WORK INSTRUCTION
The listing below must be repeated word for word, without its pictures.
+++ EXTRACTED INFORMATION +++
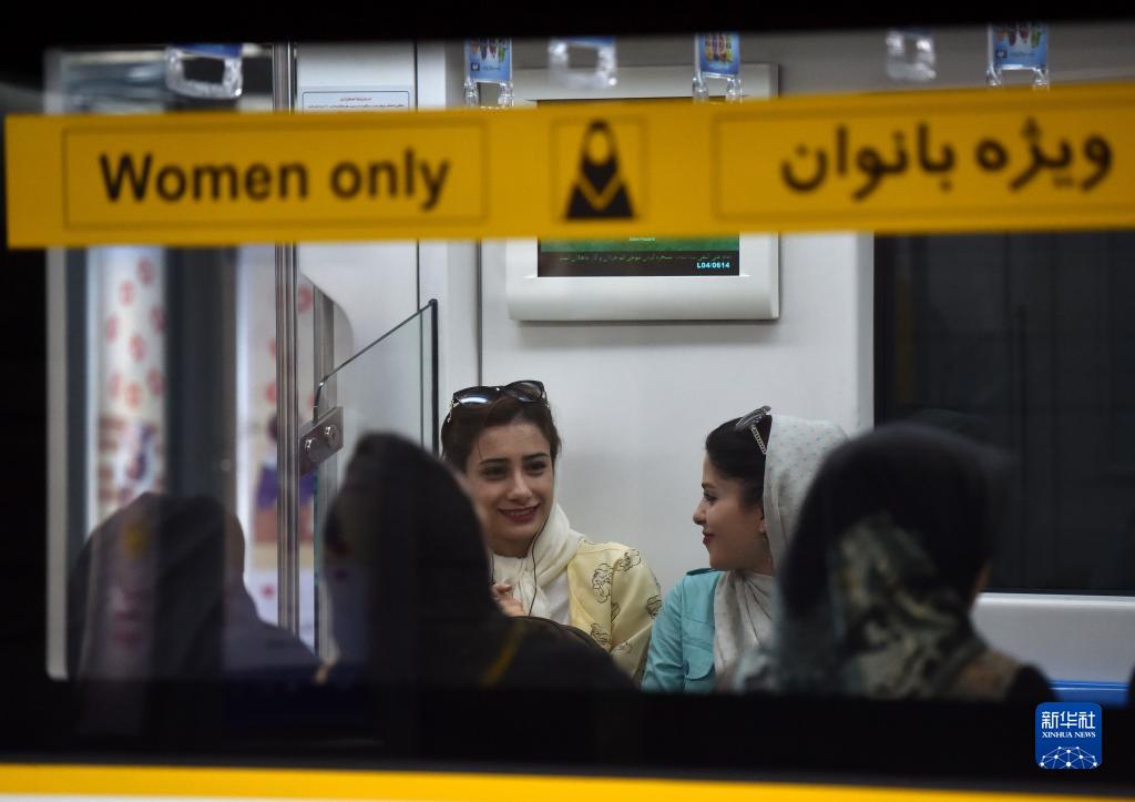 2016年9月4日,幾名女性乘客在伊朗德黑蘭乘坐地鐵。伊朗首都德黑蘭5條地鐵線全部由中國公司承建,其中德黑蘭地鐵1、2號線由中信國際承建,3、4、5號線由北方國際承建;地鐵車輛由中伊合資的德黑蘭軌道車輛制造公司(由中國的北方國際合作股份有限公司、中國中車長春軌道客車股份有限公司和伊朗綠菠蘿工業集團在伊朗合資成立)提供。
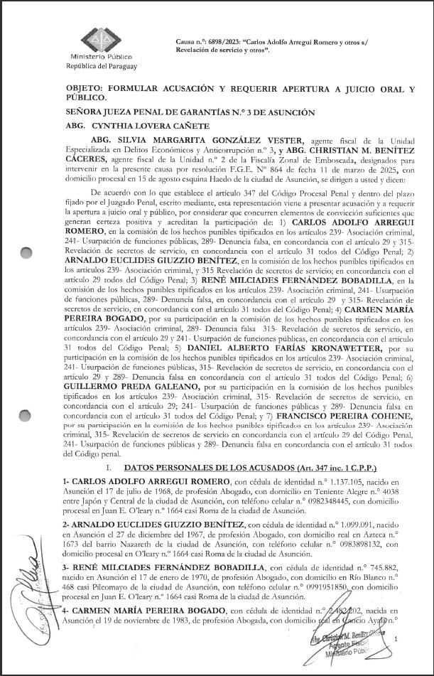 Los fiscales Silvia González y Christian Benítez presentaron acusación contra Carlos Arregui, Arnaldo Giuzzio, René Fernández, Carmen Pereira, Daniel Alberto Farías, Guillermo Preda Galeano y Francisco Pereira Cohene por los hechos punibles de asociación criminal, usurpación de funciones públicas, denuncia falsa, y revelación de secretos de servicio.
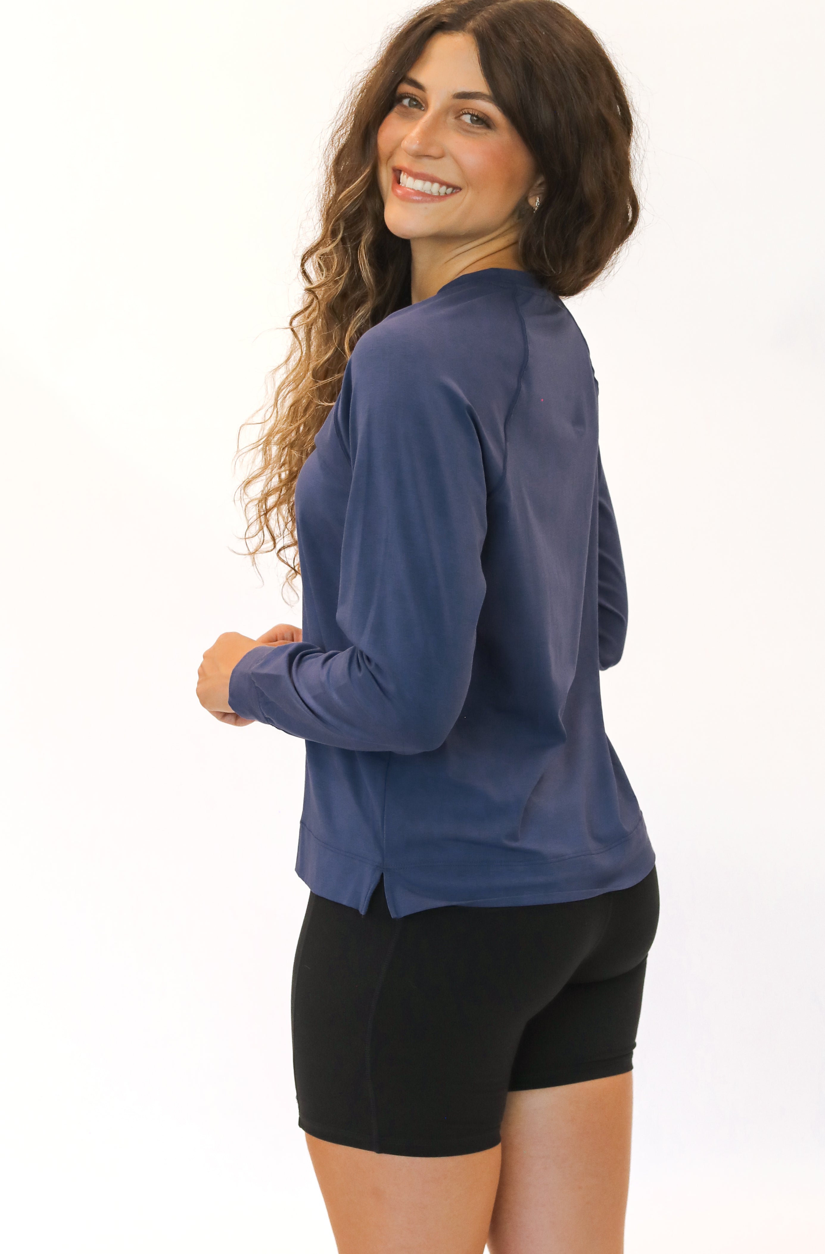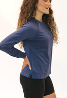 Our Infinity Long Sleeve is an easy-fitting active tee in our drapey, cool, and comfortable cotton, modal fabric. Designed with on-trend raglan sleeves, a crew neckline, and a straight hem this is the perfect piece to wear alone or layer infinite ways all season long.
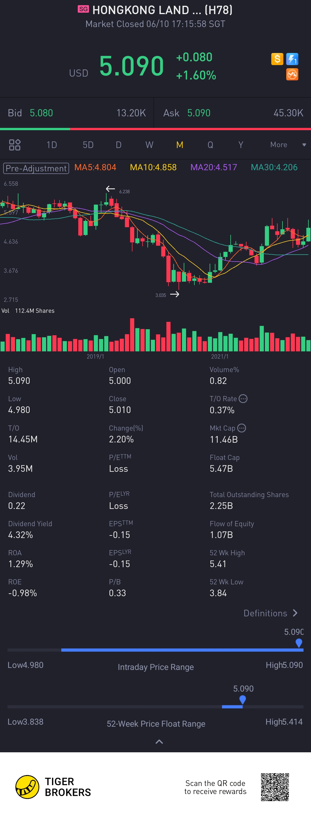 $HONGKONG LAND HOLDINGS LIMITED(H78.SI)$wow
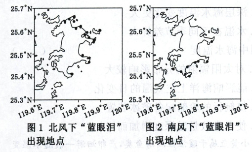 [材料] “蓝眼泪”景观由聚集成群的夜光藻在受到适度扰动时发光形成,在特定的海水温度、盐度范围内多出现在开敞的海湾,易被巨浪干扰破坏。位于福建省东部海域的平潭岛是我国著名的“追泪”胜地。该岛主导风向为偏北风和偏南风,8级风天数占全年的四分之一。4—5月盛行偏北风时,“蓝眼泪”景观出现的概率最大。下图示意平潭岛某年不同主导风向下“蓝眼泪”出现地点(即图中黑点)。
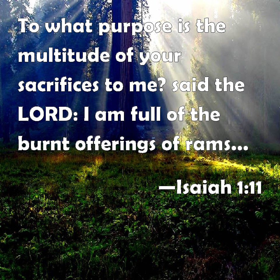 Choose a Background Isaiah 1:11 To what purpose is the multitude of your sacrifices to me? said the LORD: I am full of the burnt offerings of rams, and the fat of fed beasts; and I delight not in the blood of bullocks, or of lambs, or of he goats. KJV: To what purpose is the multitude of your sacrifices unto me? saith the LORD: I am full of the burnt offerings of rams, and the fat of fed beasts; and I delight not in the blood of bullocks, or of lambs, or of he goats. DRB: To what purpose do you offer me the multitude of your victims, saith the Lord? I am full, I desire not holocausts of rams, and fat of fatlings, and blood of calves, and lambs, and buck goats. DBT: To what purpose is the multitude of your sacrifices unto me? saith Jehovah. I am sated with burnt-offerings of rams, and the fat of fed beasts; and in the blood of bullocks, and of lambs, and of he-goats I take no pleasure. ERV: To what purpose is the multitude of your sacrifices unto me? saith the LORD: I am full of the burnt offerings of rams, and the fat of fed beasts; and I delight not in the blood of bullocks, or of lambs, or of he-goats. WBT: To what purpose is the multitude of your sacrifices to me? saith the LORD: I am full of the burnt-offerings of rams, and the fat of fed beasts; and I delight not in the blood of bullocks, or of lambs, or of he-goats. WEB: "What are the multitude of your sacrifices to me?," says Yahweh. "I have had enough of the burnt offerings of rams, and the fat of fed animals. I don't delight in the blood of bulls, or of lambs, or of male goats. YLT: Why to Me the abundance of your sacrifices? saith Jehovah, I have been satiated with burnt-offerings of rams, And fat of fatlings; And blood of bullocks, and lambs, And he-goats I have not desired.Links Isaiah 1:11 NIV • Isaiah 1:11 NLT • Isaiah 1:11 ESV • Isaiah 1:11 NASB • Isaiah 1:11 KJV • Isaiah 1:11 Interlinear • Isaiah 1:11 Commentaries • Isaiah 1:11 Parallel Texts • Isaiah 1:11 Bible Apps • Isaiah 1:11 Parallel • Bible Hub |
+++
COMPLETED EXERCISE
 2016年9月4日,幾名女性乘客在伊朗德黑蘭乘坐地鐵。伊朗首都德黑蘭5條地鐵線全部由中國公司承建,其中德黑蘭地鐵1、2號線由中信國際承建,3、4、5號線由北方國際承建;地鐵車輛由中伊合資的德黑蘭軌道車輛制造公司(由中國的北方國際合作股份有限公司、中國中車長春軌道客車股份有限公司和伊朗綠菠蘿工業集團在伊朗合資成立)提供。
 Los fiscales Silvia González y Christian Benítez presentaron acusación contra Carlos Arregui, Arnaldo Giuzzio, René Fernández, Carmen Pereira, Daniel Alberto Farías, Guillermo Preda Galeano y Francisco Pereira Cohene por los hechos punibles de asociación criminal, usurpación de funciones públicas, denuncia falsa, y revelación de secretos de servicio.
 Our Infinity Long Sleeve is an easy-fitting active tee in our drapey, cool, and comfortable cotton, modal fabric. Designed with on-trend raglan sleeves, a crew neckline, and a straight hem this is the perfect piece to wear alone or layer infinite ways all season long.
 $HONGKONG LAND HOLDINGS LIMITED(H78.SI)$wow
 [材料] “蓝眼泪”景观由聚集成群的夜光藻在受到适度扰动时发光形成,在特定的海水温度、盐度范围内多出现在开敞的海湾,易被巨浪干扰破坏。位于福建省东部海域的平潭岛是我国著名的“追泪”胜地。该岛主导风向为偏北风和偏南风,8级风天数占全年的四分之一。4—5月盛行偏北风时,“蓝眼泪”景观出现的概率最大。下图示意平潭岛某年不同主导风向下“蓝眼泪”出现地点(即图中黑点)。
 Choose a Background Isaiah 1:11 To what purpose is the multitude of your sacrifices to me? said the LORD: I am full of the burnt offerings of rams, and the fat of fed beasts; and I delight not in the blood of bullocks, or of lambs, or of he goats. KJV: To what purpose is the multitude of your sacrifices unto me? saith the LORD: I am full of the burnt offerings of rams, and the fat of fed beasts; and I delight not in the blood of bullocks, or of lambs, or of he goats. DRB: To what purpose do you offer me the multitude of your victims, saith the Lord? I am full, I desire not holocausts of rams, and fat of fatlings, and blood of calves, and lambs, and buck goats. DBT: To what purpose is the multitude of your sacrifices unto me? saith Jehovah. I am sated with burnt-offerings of rams, and the fat of fed beasts; and in the blood of bullocks, and of lambs, and of he-goats I take no pleasure. ERV: To what purpose is the multitude of your sacrifices unto me? saith the LORD: I am full of the burnt offerings of rams, and the fat of fed beasts; and I delight not in the blood of bullocks, or of lambs, or of he-goats. WBT: To what purpose is the multitude of your sacrifices to me? saith the LORD: I am full of the burnt-offerings of rams, and the fat of fed beasts; and I delight not in the blood of bullocks, or of lambs, or of he-goats. WEB: "What are the multitude of your sacrifices to me?," says Yahweh. "I have had enough of the burnt offerings of rams, and the fat of fed animals. I don't delight in the blood of bulls, or of lambs, or of male goats. YLT: Why to Me the abundance of your sacrifices? saith Jehovah, I have been satiated with burnt-offerings of rams, And fat of fatlings; And blood of bullocks, and lambs, And he-goats I have not desired.Links Isaiah 1:11 NIV • Isaiah 1:11 NLT • Isaiah 1:11 ESV • Isaiah 1:11 NASB • Isaiah 1:11 KJV • Isaiah 1:11 Interlinear • Isaiah 1:11 Commentaries • Isaiah 1:11 Parallel Texts • Isaiah 1:11 Bible Apps • Isaiah 1:11 Parallel • Bible Hub |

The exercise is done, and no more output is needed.